Seeing exorbitant food prices in Iqaluit, Nunavut, and a struggle among Inuit families to put food on the table, Leesee Papatsie created the Feeding My Family movement on Facebook in 2012. She chose social media to unite the isolated communities of the North. The group now has upwards of 20,000 members who have organized protests and promoted a return to “country food” – more traditional diets based on the food directly available in the north. Papatsie’s movement seeks to combine modern communication with Inuit tradition, uniting northerners and encouraging food providers to find ways to supply better food for lower prices.

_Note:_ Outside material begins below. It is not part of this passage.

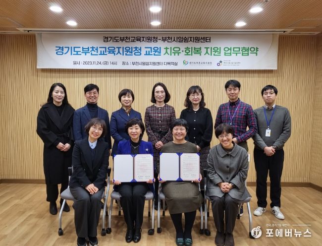 [ 포에버뉴스 김경순 기자 ] 경기도부천교육지원청은 부천시일쉼지원센터와 11월 24일 교원의 심리 치유와 회복 지원을 위한 업무협약을 체결했다.

  • Children’s Health and Wellness
  • Cultural Identity and Education

Marilou McPhedran

Author, professor, researcher and advocate, Senator Marilou McPhedran is a staunch defender of especially the rights of girls and women, as well as those of patients in the Canadian health care system. Raised in Neepawa, Manitoba, Senator McPhedran, over the course of her very long career of human rights advocacy, has developed a number of human rights courses, chaired inquiries into the sexual abuse of patients, researched and authored international studies on a variety of women’s and health care topics, and founded the Institute for International Women’s Rights at Global College (Winnipeg). Senator McPhedran was named a Member of the Order of Canada in 1985.
  • Women’s Health and Security
  • Children’s Health and Wellness

Sally Armstrong

Born in Montréal, Quebec, award-winning author, journalist, and human rights activist Sally Armstrong has worked tirelessly to expose the true plight of women and girls in international zones of conflict. In addition, she monitors the status of women at home in North America. She has travelled to all four corners of the globe, with pen and camera in hand, documenting the experiences, the abuses, the hopes and the victories of the disadvantaged, the marginalized and the oppressed. Armstrong has added speaker, guest-lecturer and story teller to her long list of impressive talents, and has won many prestigious awards, earned many honorary degrees, and received the Order of Canada.
  • Women’s Health and Security
  • Children’s Health and Wellness

Dr. Andrew and Joan Simone

Both Dr. Andrew Simone and his wife Joan have been helping children for decades, through their charities “Canadian Food for Children” and “Silent Children’s Mission.” A successful Harvard-trained Toronto dermatologist, Dr. Simone’s life took a turn when, realizing he lacked fulfillment from the accumulation of wealth, he began a longstanding correspondence with Saint Teresa of Calcutta, who initially asked him to send food to starving children in Tanzania and Ethiopia. Their first charity serves over 20 developing countries; their mission charity provides basic needs, health and spiritual care, and counseling, so that women, children and their families know that there is someone who cares. Both recipients of the Order of Canada, Andrew and Joan are now retired, but their work continues to ease suffering across the globe.
  • Women’s Health and Security
  • Children’s Health and Wellness
  • Human Dignity

Nazanin Afshin-Jam

Former singer/songwriter and Miss World Canada, Nazanin Afshin-Jam is now an international human rights activist, author, and co-founder of Stop Child Executions. Born in 1979 in Tehran, Iran, she fled the Islamic revolution as a child, arriving in Canada with her parents in 1981. Appointed to the board of the Canadian Race Relations Foundation, Afshin-Jam, “a voice for the voiceless,” is now a motivational speaker whose appearances include the UN, Ted-Ed, a number of universities, and various media outlets. Her aforementioned charity works towards ending the practice of child executions in Iran and in a handful of other countries.